Stored data
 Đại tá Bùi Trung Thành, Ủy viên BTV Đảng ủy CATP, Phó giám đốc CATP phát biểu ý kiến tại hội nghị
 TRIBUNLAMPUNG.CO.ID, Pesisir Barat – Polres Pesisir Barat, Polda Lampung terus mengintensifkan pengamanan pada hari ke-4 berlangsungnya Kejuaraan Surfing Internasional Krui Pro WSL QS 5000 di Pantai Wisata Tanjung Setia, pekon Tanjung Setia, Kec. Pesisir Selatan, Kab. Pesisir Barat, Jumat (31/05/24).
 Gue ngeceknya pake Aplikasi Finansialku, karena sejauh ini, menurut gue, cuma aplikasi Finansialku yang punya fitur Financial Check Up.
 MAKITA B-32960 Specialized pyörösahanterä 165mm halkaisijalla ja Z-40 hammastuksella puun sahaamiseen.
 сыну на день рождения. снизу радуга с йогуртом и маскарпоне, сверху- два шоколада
--
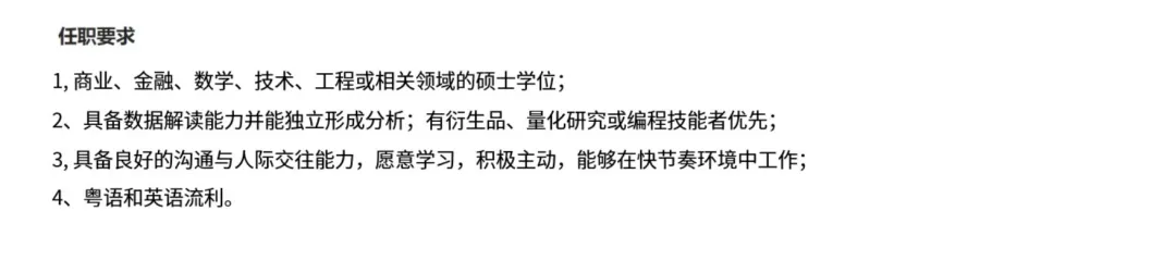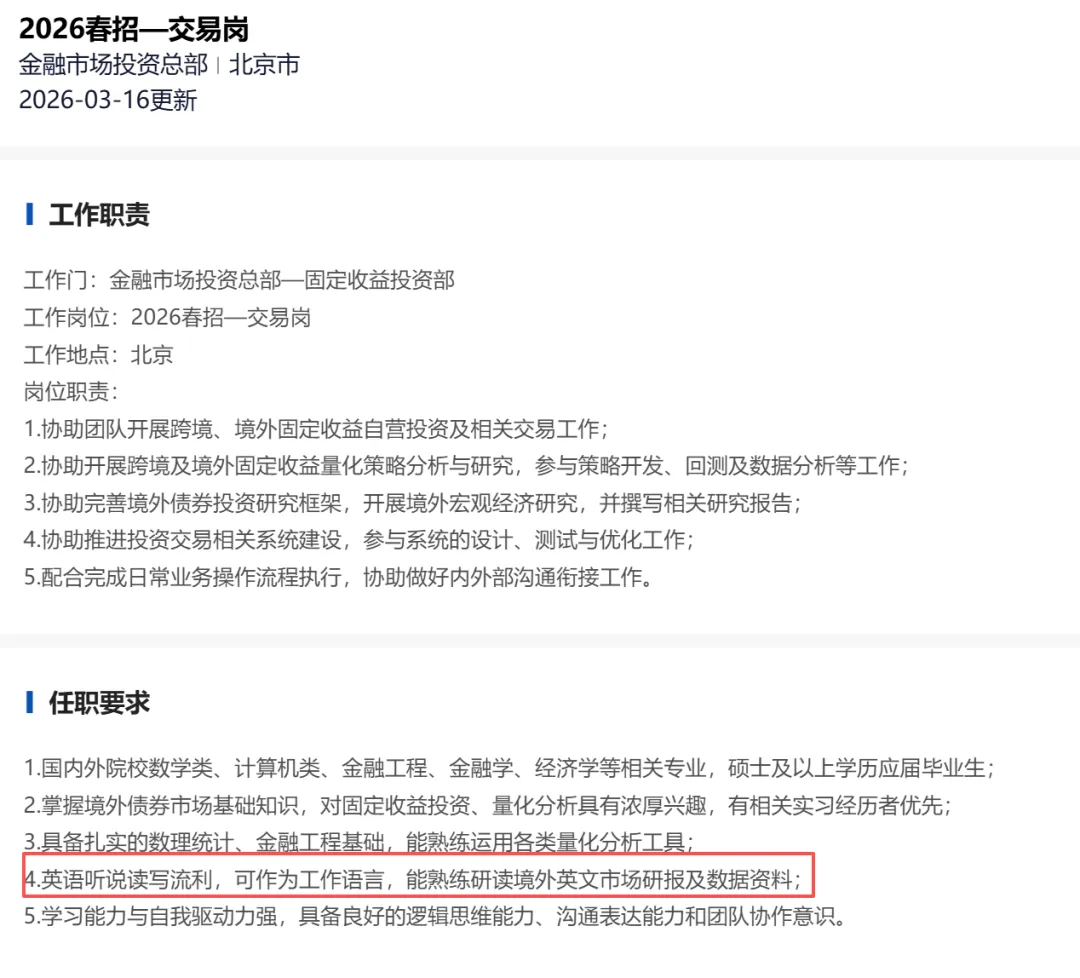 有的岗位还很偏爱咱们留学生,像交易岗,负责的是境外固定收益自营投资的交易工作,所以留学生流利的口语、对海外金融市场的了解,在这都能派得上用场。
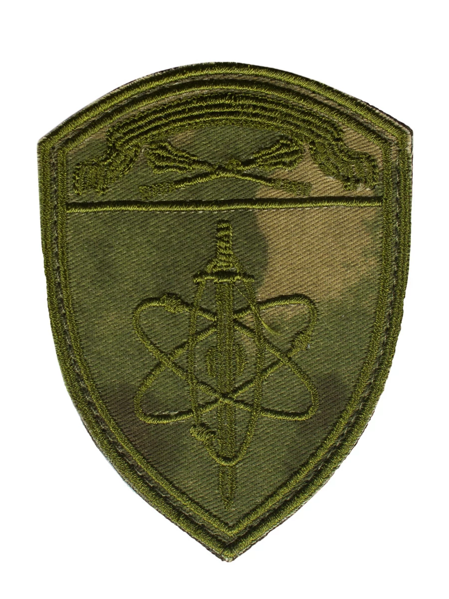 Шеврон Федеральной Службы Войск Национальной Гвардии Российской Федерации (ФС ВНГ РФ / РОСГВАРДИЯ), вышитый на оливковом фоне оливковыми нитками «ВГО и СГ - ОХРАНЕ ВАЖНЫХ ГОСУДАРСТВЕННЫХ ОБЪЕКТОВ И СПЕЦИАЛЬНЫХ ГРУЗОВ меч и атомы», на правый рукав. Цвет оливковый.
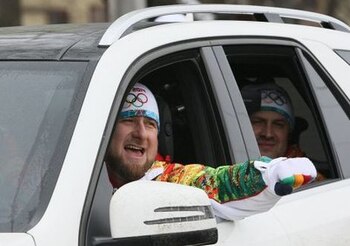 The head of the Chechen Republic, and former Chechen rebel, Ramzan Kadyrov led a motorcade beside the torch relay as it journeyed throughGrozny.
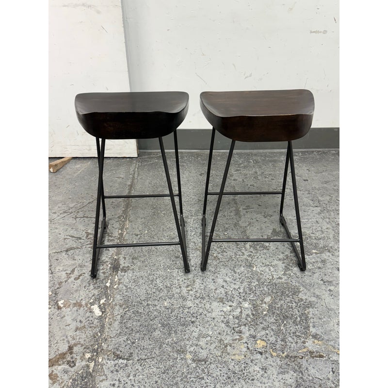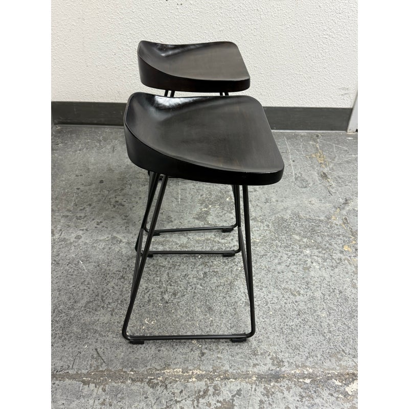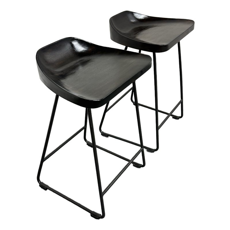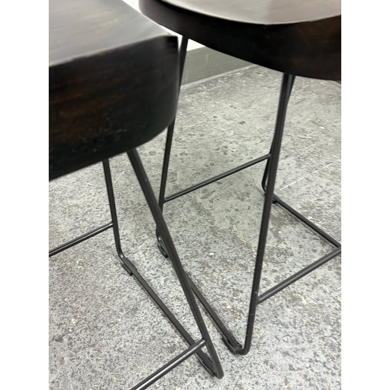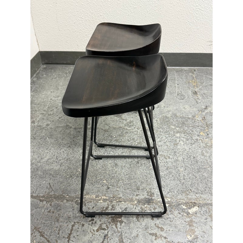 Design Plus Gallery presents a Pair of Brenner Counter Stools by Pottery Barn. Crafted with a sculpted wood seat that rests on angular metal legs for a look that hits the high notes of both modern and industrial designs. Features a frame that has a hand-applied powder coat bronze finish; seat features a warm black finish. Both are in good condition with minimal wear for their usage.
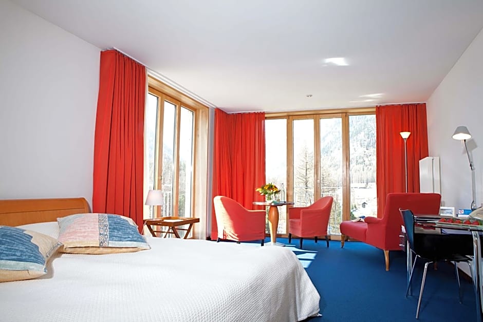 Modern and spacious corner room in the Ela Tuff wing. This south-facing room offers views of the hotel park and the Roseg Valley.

• **Exercise objective**: Print exactly the lines above that run from the one with "Шеврон Федеральной Службы" to the one with "The head of", both included. No pictures.

• **Answer to the exercise**:
 Шеврон Федеральной Службы Войск Национальной Гвардии Российской Федерации (ФС ВНГ РФ / РОСГВАРДИЯ), вышитый на оливковом фоне оливковыми нитками «ВГО и СГ - ОХРАНЕ ВАЖНЫХ ГОСУДАРСТВЕННЫХ ОБЪЕКТОВ И СПЕЦИАЛЬНЫХ ГРУЗОВ меч и атомы», на правый рукав. Цвет оливковый.
 The head of the Chechen Republic, and former Chechen rebel, Ramzan Kadyrov led a motorcade beside the torch relay as it journeyed throughGrozny.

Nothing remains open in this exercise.